EXERCISE BRIEF: For this exercise, retype the lines from the one that holds "لَقَدْ مَشَيْتُ إِلَى" through the one that holds "and galactose. |" in the records below, both included, exactly and without pictures.

--*--

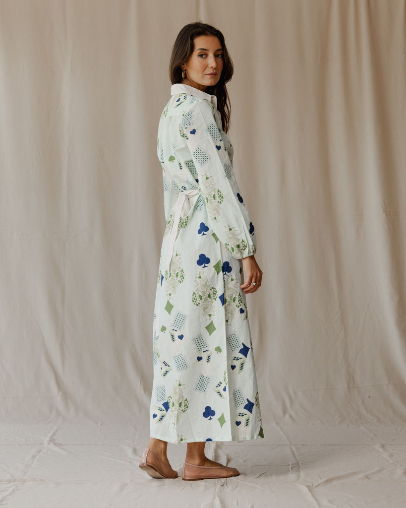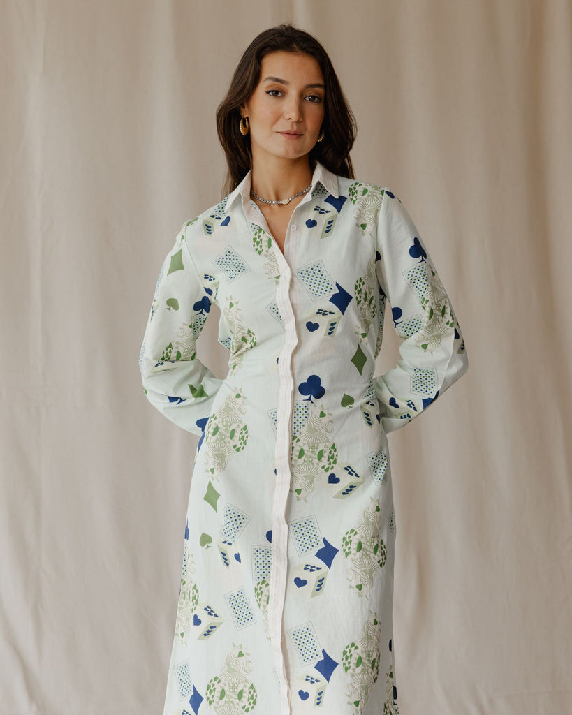 Turn heads in our Royal Flush Midi Dress. A button-down with a cool mix of paisleys and playing cards, giving you a stylish and unique look.
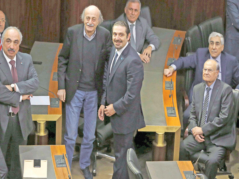 وتمنى الحريري، في مؤتمر عقده في مجلس النواب، أمس، على «النواب الغائبين أن يقوموا بحقهم الدستوري في الجلسة المقبلة»، مضيفاً: «اليوم اقتربنا من النصاب ووصلنا إلى 72 نائباً نزلوا إلى مجلس النواب لانتخاب الرئيس».وأشار إلى أن «الخلافات السياسية ممكن حلها بوجود رئيس جمهورية أفضل بكثير من الفراغ الحالي»، متمنياً على «كل النواب عدم ترك هذا الفراغ الذي يقتل والحل يكون بانتخاب رئيس». وجدد الحريري تمسكه بالنائب فرنجية، متابعاً: «أنا أتفهم موقفه، ولذلك لن أتهم الجميع بالتعطيل، لكنني أطلب منهم العمل وفق المصلحة الوطنية».وكشف الحريري أنه «باقٍ في لبنان حتى جلسة انتخاب الرئيس المقبل»، كما أكد رئيس «حزب الكتائب» النائب سامي الجميل، أمس، أن «الشعب اللبناني شبع مناورات، فمن غير المقبول حضور النواب لانتخاب مرشحين غير موجودين في الجلسة»، داعياً «كل الكتل السياسية إلى إعادة النظر بمواقفها».وأكد الجميل أنه «لا يمكن للحكومة أن تكون بديلة عن الرئيس، ولاسيما في وضعها الحالي»، مشدداً على أن «الانتقال إلى مرحلة جديدة يعني أن نعود إلى منطق الدولة المتمثل بانتخاب رئيس للجمهورية بأسرع وقت ممكن».وقبيل الجلسة، جدد فرنجية التأكيد على أنه لن يشارك في أي جلسة نيابية إلا بالتنسيق مع حلفائه، موضحاً: «أنتمي إلى فريق (8 آذار) وعندما يتم الاستحقاق الرئاسي وأنتخب رئيساً سأكون رئيساً لكل لبنان».بدوره، غرد جنبلاط على حسابه الخاص عبر موقع التواصل الاجتماعي «تويتر» متهكماً بالقول: «ستفتتح اليوم جلسة من جلسات العمر في المجلس النيابي، الجلسة 36 للسيمفونية غير المنتهية لانتخاب رئيس جمهورية للأوركسترا، والكمان لصاحبها عبد اللهيان، يتخللها سحبات أوبرا للتنور الشهير هنري حلو وفرقة اللقاء الديمقراطي».
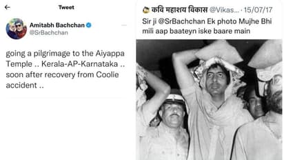 అయితే ఆ ప్రమాదం నుంచి కోలుకున్న తర్వాత అయ్యప్ప తీర్థయాత్రకు వెళ్లారు. అప్పడు తీసిన ఒక ఫొటో బిగ్ బీ అభిమాని వికాస్ అనే వ్యక్తికి దొరికింది. దీంతో ఆ ఫొటోను అమితాబ్ కు ట్యాగ్ చేస్తూ కాస్త ఫొటోని సన్నివేశాన్ని వివరించాలని కోరాడు. దీంతో అమితాబ్ స్పందిస్తూ కూలీ మూలీ యాక్సిడెంట్ త్వర్వాత అయ్యప్ప తీర్థయాత్రకు వెళ్తున్నప్పటిదని వివరించారు.
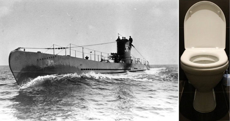 4 In 1945, a German U-boat began flooding due to the captainâs improper use of a newly designed toilet. It was forced to surface and was bombed by British patrol planes. The crew had to abandon ship.Image source: 1,2
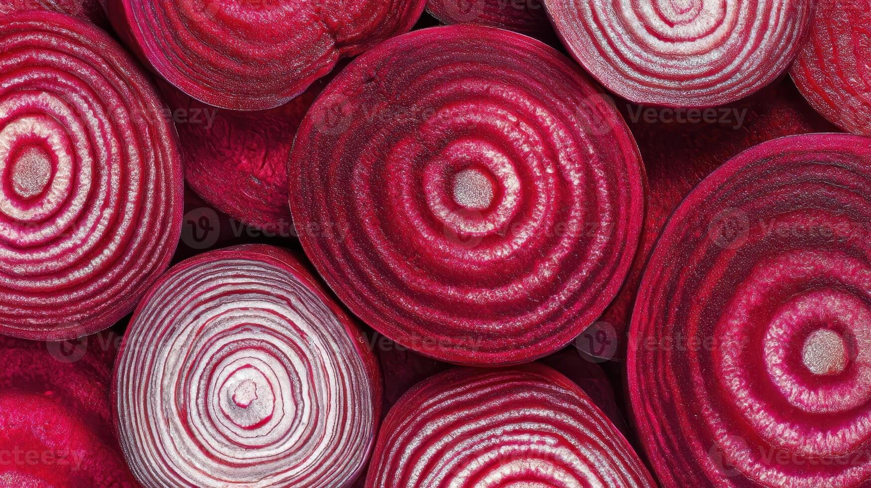 Deep red beet slices display intricate patterns and textures in a close up view Pro Photo
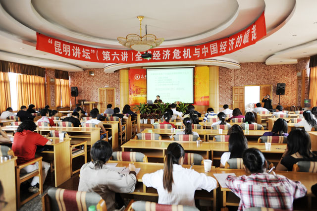 7月1日下午,我院邀请美国哈佛大学博士、美国伊利诺伊州立大学张宏霖教授主讲“昆明讲坛”第六讲,主题为:“全球经济危机与中国的崛起”。报告会由昆明科学发展研究院办公室主任管彦平主持。开云kaiyun官方网站院长陈世波、副院长熊晶及部分系室领导、教师和学生代表现场聆听了张教授的精彩报告。
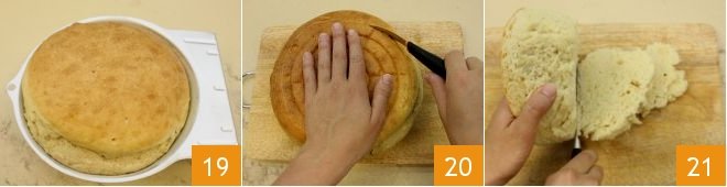 Once cooked, take it out of the oven 19 and let it cool slightly, then gently unmold it and let it cool completely on a wire rack. When it is cold, cut around the entire perimeter of the pie with a small knife, leaving about 0.6-0.8 inches from the edge 20. Scoop out the inside reaching the bottom to form a cavity (being careful not to pierce it). You can make 2 slices with the inner part 21, which will be the layers alternated with the creams (with the leftover brioche bread, you can make cubes to toast in the oven).
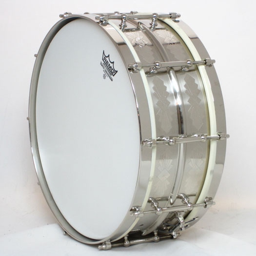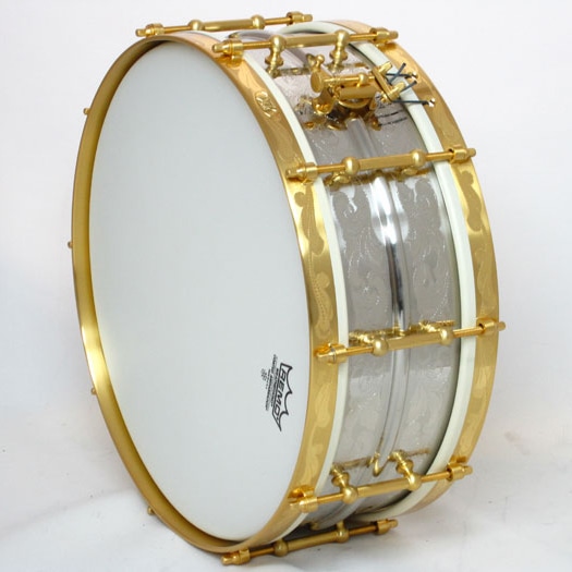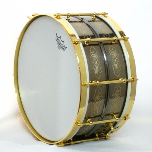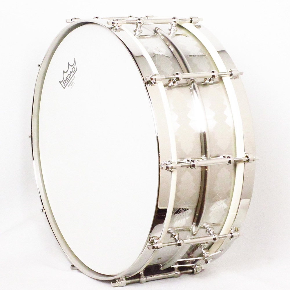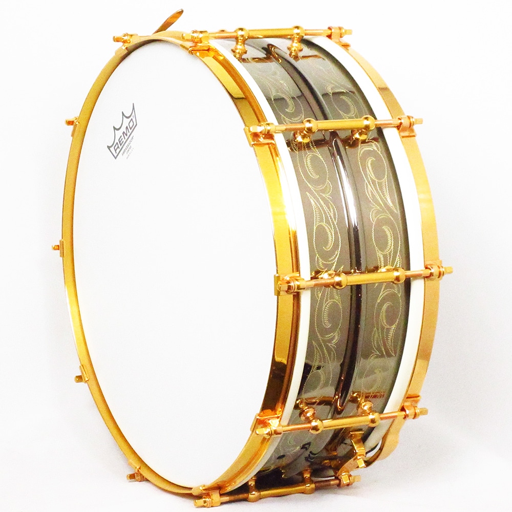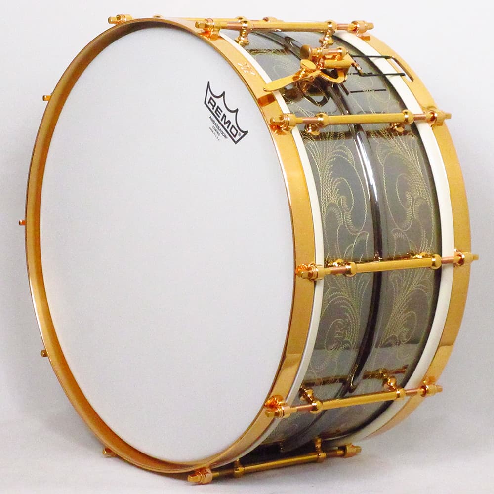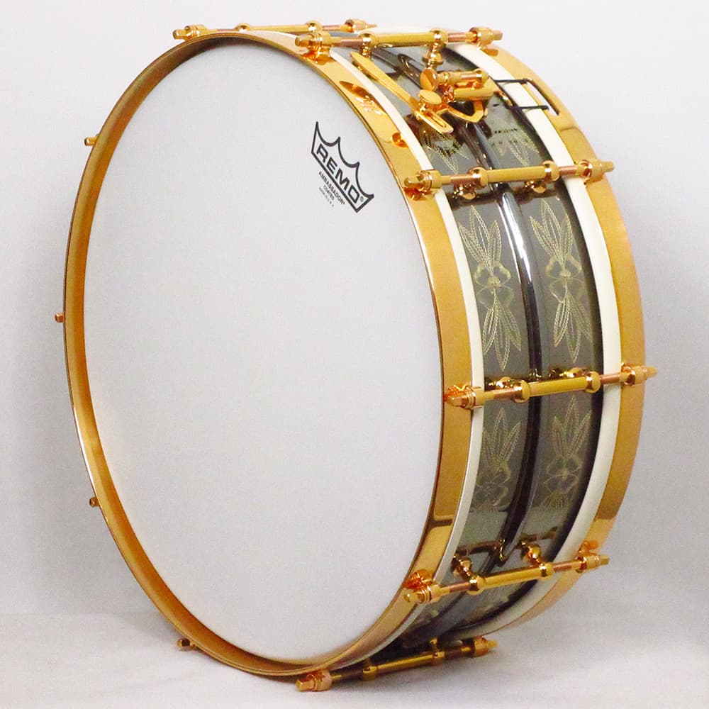 その1年半後にジョニーから1本の電話が入り、それはビジネスの依頼でした。この依頼をきっかけに、ダイヤモンド彫刻を施したニッケルオーバーブラスダイヤモンドシリーズスネアが誕生し、その豪華な仕上がりは世界中のドラマーを魅了し瞬く間に売り切れ、大きなビジネスとなりました。
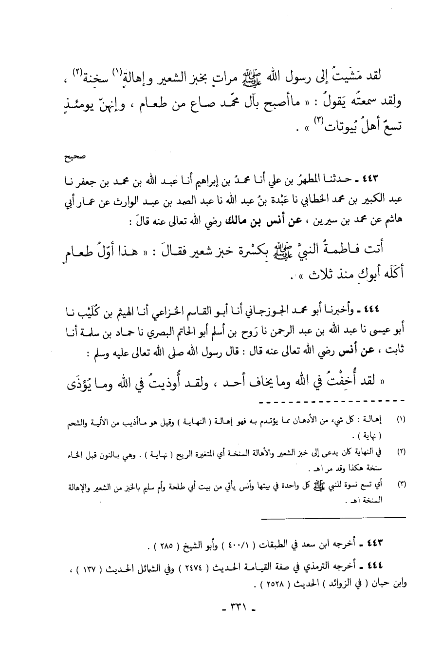 لَقَدْ مَشَيْتُ إِلَى رَسُولِ اللَّهِ صَلَّى اللهُ عَلَيْهِ وَسَلَّمَ مَرَّاتٍ بِخُبْزِ الشَّعِيرِ وَإِهَالَةٍ سَخِنَةٍ وَلَقَدْ سَمِعْتُهُ يَقُولُ مَا أَصْبَحَ بِآلِ مُحَمَّدٍ صَاعٌ مِنْ طَعَامٍ وَإِنَّهُنَّ يَوْمَئِذٍ تِسْعُ أهل بيوتات. صحيح
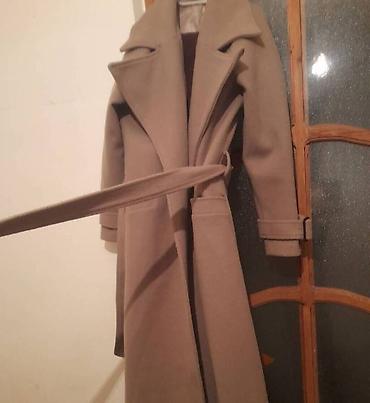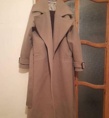 Uzun palto L,XL .bej . seliqeli geyilib .Saga cekin bir nece etrafli cekilibvatsap
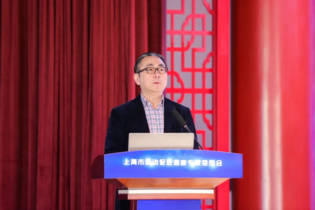 上海市运动促进健康专家委员会主任委员、首席专家、上海体育学院院长陈佩杰向大会介绍了上海市运动促进健康专家委员会筹建情况和工作计划。他指出,成立由运动健康领域专家组成的上海市运动促进健康专家委员会,贯彻落实《“健康中国2030”规划纲要》《上海市运动促进健康三年行动计划(2021-2023年)等文件,主动服务对接“全民健身”和“健康中国”两大国家战略,旨在发挥作为体育类高等院校的高水平智库作用,构建上海特色的运动促进健康新模式,助力打造“人人会健身”的全民健身活力城市。陈佩杰院长详细介绍了专委会的组织架构、人员组成、职责任务,梳理了专委会未来五年的重点工作方向,表示将在全面加强运动促进健康科学研究、为政府部门提供高质量决策咨询服务、开展面向群众的运动促进健康科普宣传、搭建运动促进健康学术与思想交流平台、探索运动促进健康专业人才联合培养等五个方向上同步发力,为推动上海全民健身与全民健康事业的融合发展注入强大动力。
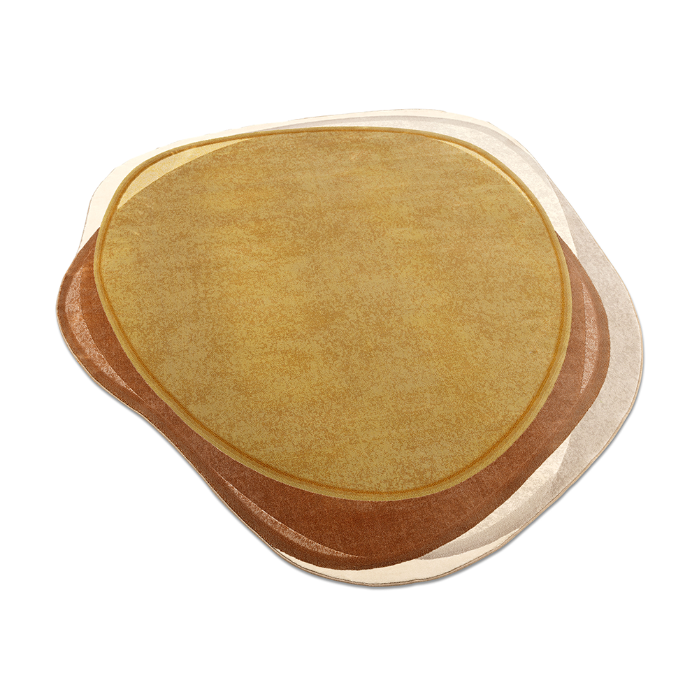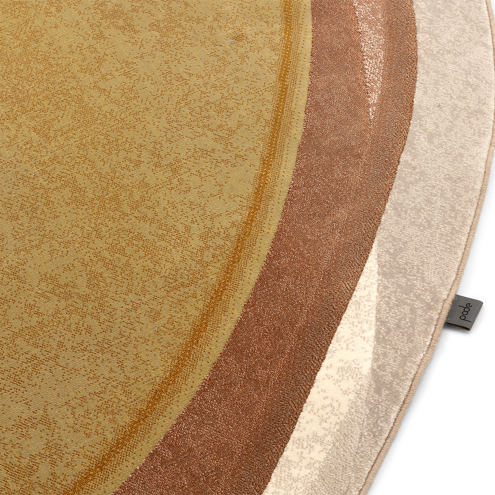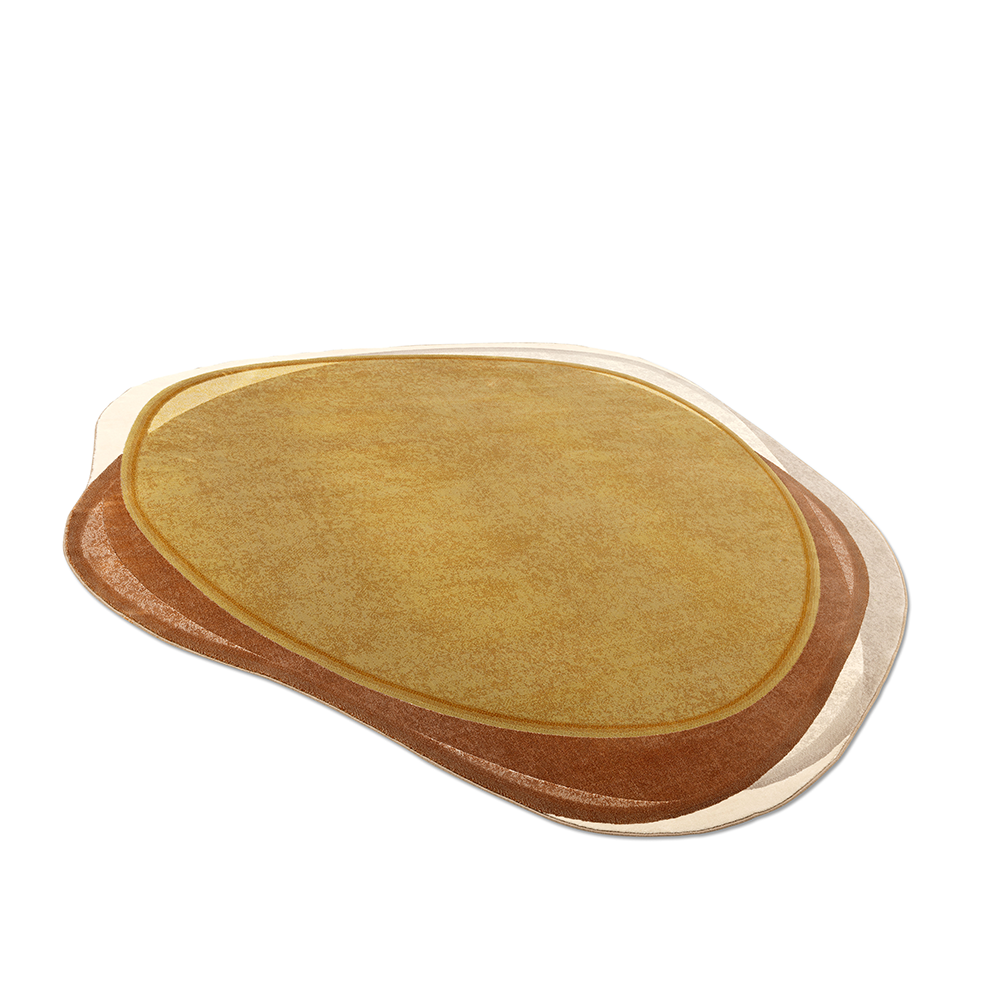 Vloerkleed Shallow Desert is een royaal eilandkleed en past helemaal in de trend van ronde, organische vormen in het interieur. Door gelaagdheid van verschillende kleurvlakken wordt diepte gecreëerd op dit unieke kleed. Alsof je van bovenaf in het heldere water van een vijver kijkt. Het vloerkleed Shallow Desert van Pode is een ontwerp van Claire Vos. Dit prachtige kleed met warme kleuren en organische vormen is een echte toevoeging aan jouw interieur.
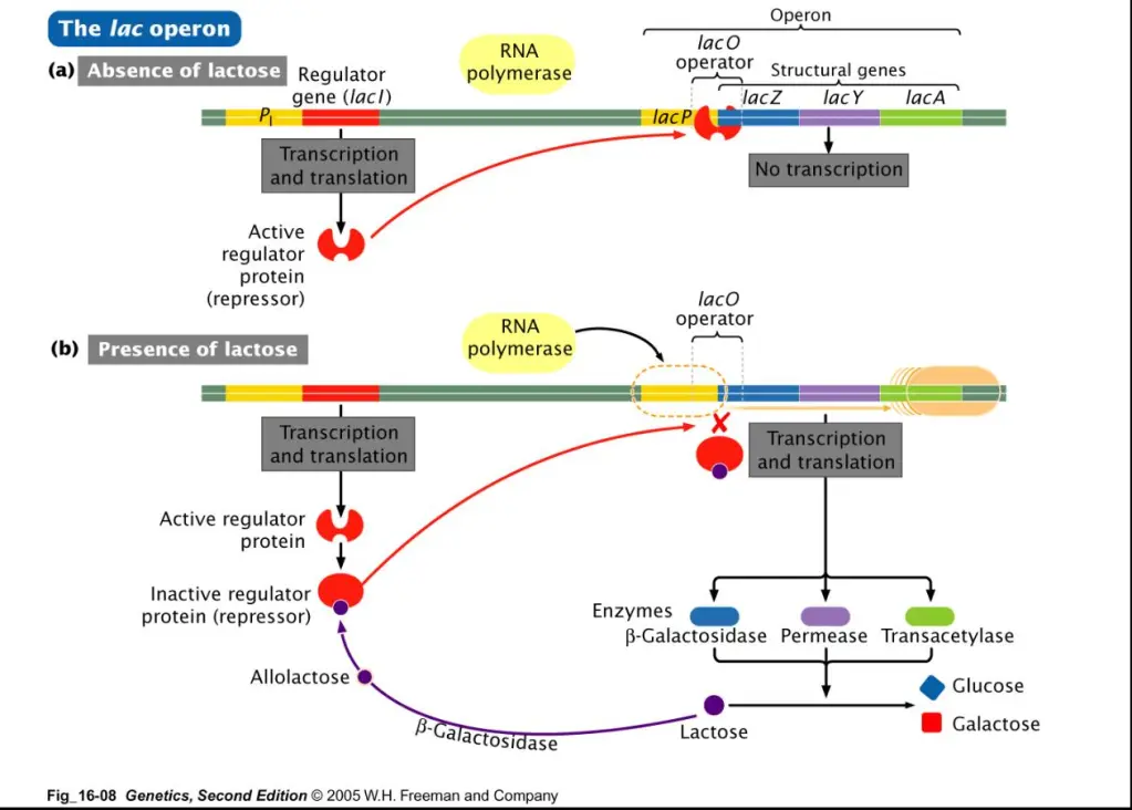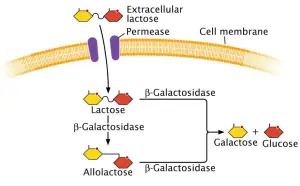 | lacZ | β-galactosidase (B) | It transforms lactose into allolactose and also catalyzes the conversion of lactose to glucose and galactose. |
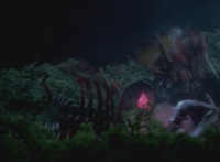 Trims shot 2 so we don't see Blue impale the monster VR JB style; cuts shot of blinking monster eye between shots 2 & 3; cuts follow-ups of Rangers using Z-Rex Blaster on monster. |

--*--

RESPONSE:
 لَقَدْ مَشَيْتُ إِلَى رَسُولِ اللَّهِ صَلَّى اللهُ عَلَيْهِ وَسَلَّمَ مَرَّاتٍ بِخُبْزِ الشَّعِيرِ وَإِهَالَةٍ سَخِنَةٍ وَلَقَدْ سَمِعْتُهُ يَقُولُ مَا أَصْبَحَ بِآلِ مُحَمَّدٍ صَاعٌ مِنْ طَعَامٍ وَإِنَّهُنَّ يَوْمَئِذٍ تِسْعُ أهل بيوتات. صحيح
 Uzun palto L,XL .bej . seliqeli geyilib .Saga cekin bir nece etrafli cekilibvatsap
 上海市运动促进健康专家委员会主任委员、首席专家、上海体育学院院长陈佩杰向大会介绍了上海市运动促进健康专家委员会筹建情况和工作计划。他指出,成立由运动健康领域专家组成的上海市运动促进健康专家委员会,贯彻落实《“健康中国2030”规划纲要》《上海市运动促进健康三年行动计划(2021-2023年)等文件,主动服务对接“全民健身”和“健康中国”两大国家战略,旨在发挥作为体育类高等院校的高水平智库作用,构建上海特色的运动促进健康新模式,助力打造“人人会健身”的全民健身活力城市。陈佩杰院长详细介绍了专委会的组织架构、人员组成、职责任务,梳理了专委会未来五年的重点工作方向,表示将在全面加强运动促进健康科学研究、为政府部门提供高质量决策咨询服务、开展面向群众的运动促进健康科普宣传、搭建运动促进健康学术与思想交流平台、探索运动促进健康专业人才联合培养等五个方向上同步发力,为推动上海全民健身与全民健康事业的融合发展注入强大动力。
 Vloerkleed Shallow Desert is een royaal eilandkleed en past helemaal in de trend van ronde, organische vormen in het interieur. Door gelaagdheid van verschillende kleurvlakken wordt diepte gecreëerd op dit unieke kleed. Alsof je van bovenaf in het heldere water van een vijver kijkt. Het vloerkleed Shallow Desert van Pode is een ontwerp van Claire Vos. Dit prachtige kleed met warme kleuren en organische vormen is een echte toevoeging aan jouw interieur.
 | lacZ | β-galactosidase (B) | It transforms lactose into allolactose and also catalyzes the conversion of lactose to glucose and galactose. |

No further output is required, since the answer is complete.